Wednesday, March 24, 2010

Alice ne fait pas de merveilles


Alice ne fait pas de merveilles


Qui mieux que Tim Burton pour mettre en images le classique de Lewis Carroll ? Avec son univers fantasmagorique, gothique, unique, le réalisateur de Edward aux mains d'argent et L'étrange Noël de Mister Jack est la première personne à qui l'on penserait s'il devait y avoir une version sombre et adulte d'Alice au pays des merveilles. Et on l'a longtemps rêvé, fantasmé, devant se contenter du jeu vidéo American McGee's Alice ou du projet Phantasmagoria : The Visions of Lewis Carroll du chanteur Marilyn Manson.
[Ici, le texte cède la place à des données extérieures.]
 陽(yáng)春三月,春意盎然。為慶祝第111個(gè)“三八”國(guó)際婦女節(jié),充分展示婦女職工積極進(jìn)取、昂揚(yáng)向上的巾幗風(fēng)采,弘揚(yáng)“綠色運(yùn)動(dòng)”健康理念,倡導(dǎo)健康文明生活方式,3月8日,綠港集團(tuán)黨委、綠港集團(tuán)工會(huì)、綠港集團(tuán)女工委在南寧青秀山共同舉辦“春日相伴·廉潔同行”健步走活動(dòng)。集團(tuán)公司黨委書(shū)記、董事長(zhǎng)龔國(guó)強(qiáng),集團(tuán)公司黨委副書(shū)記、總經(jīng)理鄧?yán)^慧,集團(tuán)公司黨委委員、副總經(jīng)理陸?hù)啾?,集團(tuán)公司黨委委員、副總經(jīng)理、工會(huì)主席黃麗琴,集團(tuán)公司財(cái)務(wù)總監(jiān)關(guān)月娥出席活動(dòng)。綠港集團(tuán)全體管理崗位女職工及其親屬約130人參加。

Mais voilà, c'est bon, Tim Burton a fait son Alice au pays des merveilles. Malheureusement ! Car il aurait peut-être mieux valu continuer à vivre dans l'espoir et la frustration que de voir ça. Comme si Tim Burton n'avait rien compris à la complexité, l'absurdité et la maturité de l'œuvre de Lewis Carroll. Alors que le dessin animé Alice au pays des merveilles de Disney en 1951 avait prouvé qu'il pouvait s'adresser à tout le monde par sa qualité et à chacun par ses différents degrés de lecture. Comme si Tim Burton n'était plus que le réalisateur de La Planète des singes et Big Fish, et qu'il avait perdu définitivement sa magie, son mojo.
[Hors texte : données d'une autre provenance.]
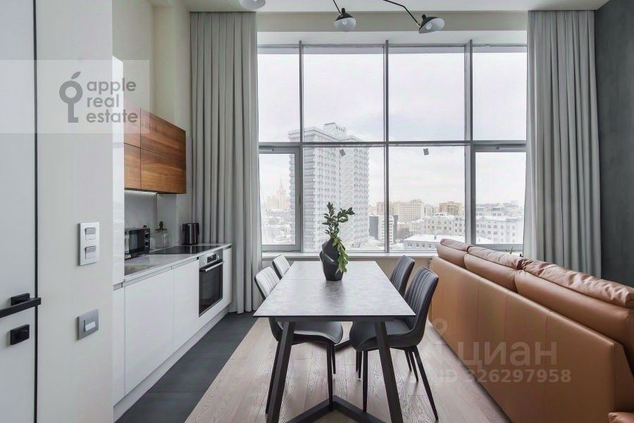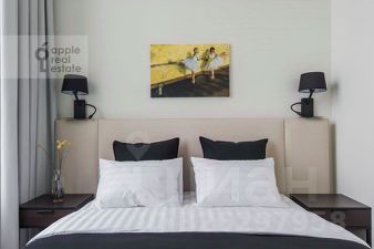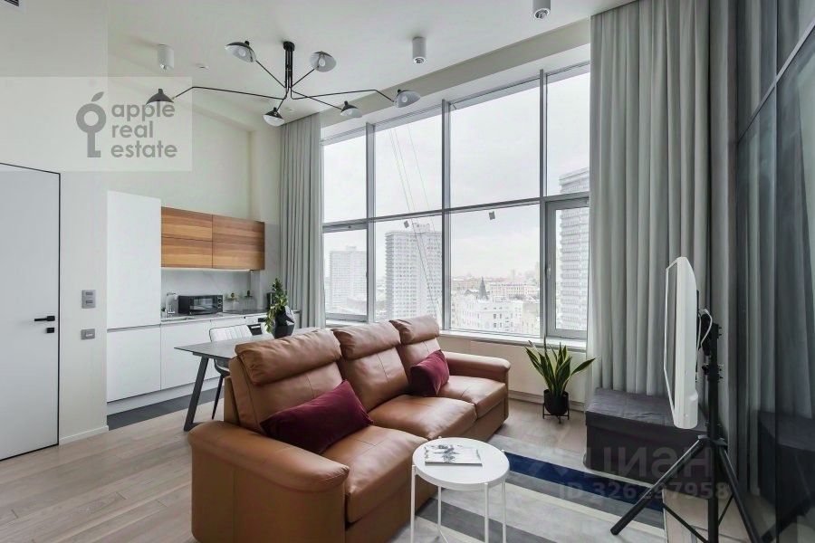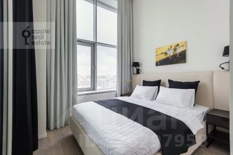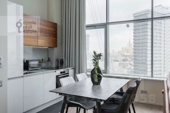 ЖК The Book. Стильная 2-комнатная квартира в новом современном доме. 13 / 26 этаж. Апартаменты. Спален: 1, санузлов: 2. Общая площадь: 44 кв.м. Потолки 4.5 м. Дизайнерский ремонт в современном стиле. Круглосуточный консьерж и охрана, видеонаблюдение на всех этажах. Сногсшибательный панорамный вид из всех окон на Новый Арбат. В наличии: посудомоечная машина, холодильник, приточно-вытяжная система вентиляции и кондиционирования, душевая кабина, стиральная машина, подогрев полов. Телевизор, высокоскоростной интернет. Собственник ИП. Возможна оплата по безналу. Предлагается на срок от 11 месяцев.

Pourtant, tout était réuni pour que Tim Burton fasse une cure de jouvence, renoue à sa folie d'antan. Un sujet, avec une Alice âgée de 19 ans qui redécouvre le pays des merveilles et ses habitants (le Lapin blanc, Bonnet blanc et Blanc bonnet, la Chenille, le Chat de Chester). Un décor, véritable terrain de jeu et d'expérimentation à ses délires visuelles. Et puis un casting, avec Anne Hathaway en Reine blanche Crispin Glover en Valet, Helena Bonham Carter en Reine rouge et last but not least, Johnny Depp en Chapelier fou. Il s'agit de la septième collaboration entre le réalisateur et l'acteur, ils se connaissent par cœur, et le premier laisse toute latitude au second. Comme dans Charlie et la chocolaterie et Sweeney Todd, Johnny Depp cabotine donc à mort, en fait des tonnes et joue bientôt plus les Jack Sparrow que les Chapelier fou.

Cela peut amuser au début, surtout que le film en met plein la vue (en 3D), avec des couleurs criardes, des costumes flamboyants, des décors surchargés. Mais il ne s'agit plus là d'imagination débordante, juste de maquillage de voiture volée, avec des emprunts (voulus ou non) au Seigneur des Anneaux et au Monde de Narnia. Le système burtonien dévoile autant ses mécanismes que ses limites. Tim Burton n'est plus original, ni un original, il n'est plus que l'ombre de lui-même, juste un gentil faiseur, tranquille, pépère. Et à quelques fulgurances près, Alice au pays des merveilles est un sacré gâchis. Il distraira un peu les petits, ennuiera beaucoup les grands et au final, ne parlera à personne, entre la gravité de son sujet et la légèreté de son traitement. Et ne comptez pas sur le passage en 3D pour arranger les choses, le film a été pensé en 2D et cela se voit. Pour Alice au pays des merveilles, revoyez donc plutôt l'adaptation officieuse qu'en a fait Guillermo Del Toro avec Le Labyrinthe de Pan. Pour la 3D, attendez Dragons de DreamWorks, qui après Avatar, est le seul film à vraiment l'exploiter. Et pour Tim Burton, croisons les doigts pour ses prochains projets, et il en a beaucoup voire trop : Dark Shadows, Frankenweenie, La famille Addams et peut-être La belle au bois dormant.